In the event of an earthquake, "drop, cover, and hold" (drop to the ground, cover your head and neck with your arms, if a safer place is close by then crawl to it, and hold on). Stay where you are until the shaking stops; do not run outside. More information can be found at this website.
Roads are in generally good condition; nevertheless, Iran has a high rate of road accidents due to reckless driving. The number of accidents is reportedly rising. In case of a road accident, wait for the police to arrive at the scene of the accident.
Foreign travel within Iran is strictly controlled by the authorities, and subject to authorization. Roadblocks and checkpoints are common. Avoid driving at night. It is advised to rent a car with a driver.
The railway network is incomplete and slow; however, trains from Tehran serve the cities of Mashhad, Bandar Abbas, and Tabriz.
The progressive lifting of international sanctions has allowed several Iranian airlines to be recognized as meeting international aerial safety standards. IranAir, the main Iranian public airline, has been removed from the European Union's blacklist of international airlines that are forbidden to fly in European airspace.
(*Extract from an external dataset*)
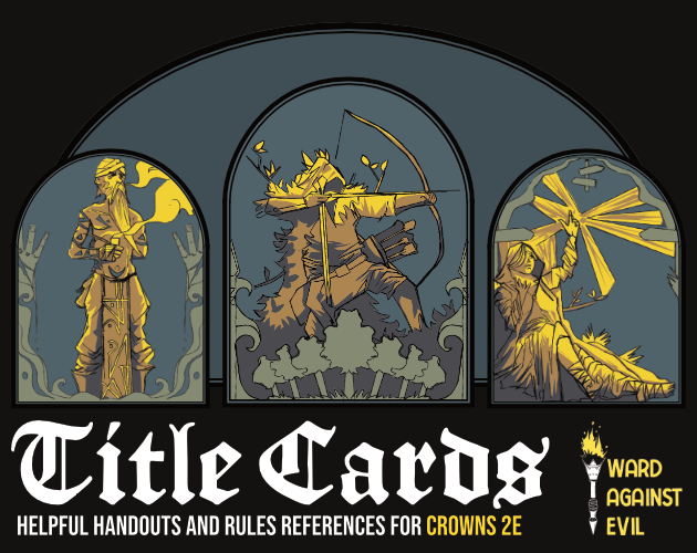 Handouts for each of the 36 Titles in the Core Rules along with 6 rules references (3 for Combat, 3 for Camping) each the size of a small card to enhance your games of Crowns 2e.

Domestic flights serve major cities all over the country.
Many areas of the Caspian Sea and Persian Gulf are highly politically sensitive. The waters around the islands of Abu Musa and the Tunbs in the southern Persian Gulf are particularly tense, and are militarized.
Iran has a continental climate with significant temperature variations between seasons. In the majority of the country, a large part of the annual rainfall comes in the winter and spring months. Summers are hot and winters are humid and often very cold. Winters along the coast are mild and summers are hot and humid. The plateau regions are much cooler in the winter, sometimes very cold and summers there are less humid than in the rest of the country. Dry and dusty winds can sometimes be unpleasant (eye irritations, etc.).